Start zookeeper:
./bin/zookeeper-server-start.sh config/zookeeper.properties
$ ./bin/kafka-topics.sh --zookeeper localhost:2181 --create --replication-factor 1 --partitions 2 --topic links
$ ./bin/kafka-topics.sh --zookeeper localhost:2181 --create --replication-factor 1 --partitions 3 --topic documents
$ ./bin/kafka-topics.sh --zookeeper localhost:2181 --create --replication-factor 1 --partitions 2 --topic documents_parsed
Remove topics:
$ ./bin/kafktopics.sh --zookeeper localhost:2181 --delete --topic links
$ ./bin/kafktopics.sh --zookeeper localhost:2181 --delete --topic documents
$ ./bin/kafktopics.sh --zookeeper localhost:2181 --delete --topic documents_parsed
$ ./bin/kafka-console-producer.sh --broker-list localhost:9092 --topic links
Example:
{"location":"http://upm.es"}
- spider-downloader: Get locations from links kafka topic, download the raw html from url and send it to documents topic.

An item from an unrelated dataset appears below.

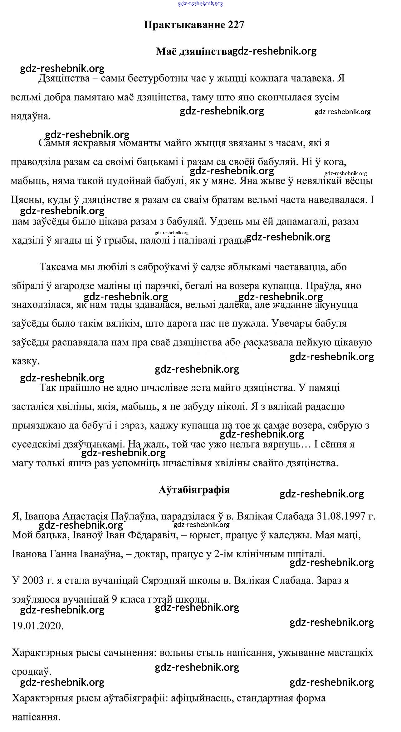 ГДЗ решебники Учебник по Белорусскому языку 9 класс Валочка, Васюковіч - Практыкаванні 227

- spider-parser: Parse raw html from documents kafka topic, search links and produce a cooked document on document_parsed topic
- spider-repository: Save the links and relationship on neo4j graph database.

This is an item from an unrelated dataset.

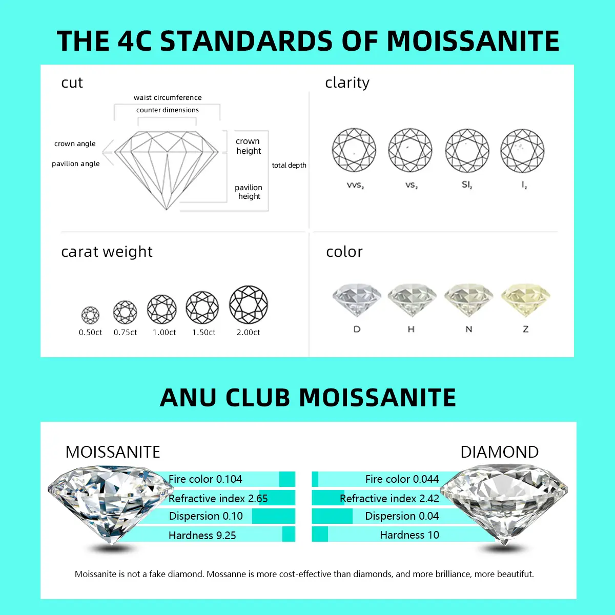 I bought this beautiful 3ct round brilliant Moissanite Grade D Color, VVSI Clarity, from AnuJewel. The matching half eternity band that came with it is .027ct , 1.9mm, round brilliant Moissanite, D, VSSI clarity. Nice Easter present for myself. I love the setting that I will attach pics for. I’m really a Size 7.5 so it is a little big. But AnuJewel jewelry has never failed me.

Start service: sudo service neo4j
Visualizer: http://localhost:7474/browser/
User: Neo4j Pass: password
List all nodes:
MATCH (p) RETURN p LIMIT 20
Remove all nodes:
MATCH (p) DETACH DELETE p
Create node if not exists:
MERGE (o:Page{ url: "http://test.com/" }) ON CREATE SET o = {url: "http://test.com/"} ON MATCH SET o += {url: "http://test.com/"}
Create link between two nodes if not exists:
MERGE (o:Page{ url: "http://test.com/" }) MERGE (d:Page{ url: "http://prueba.com/" }) MERGE (o)-[:LINKS]->(d)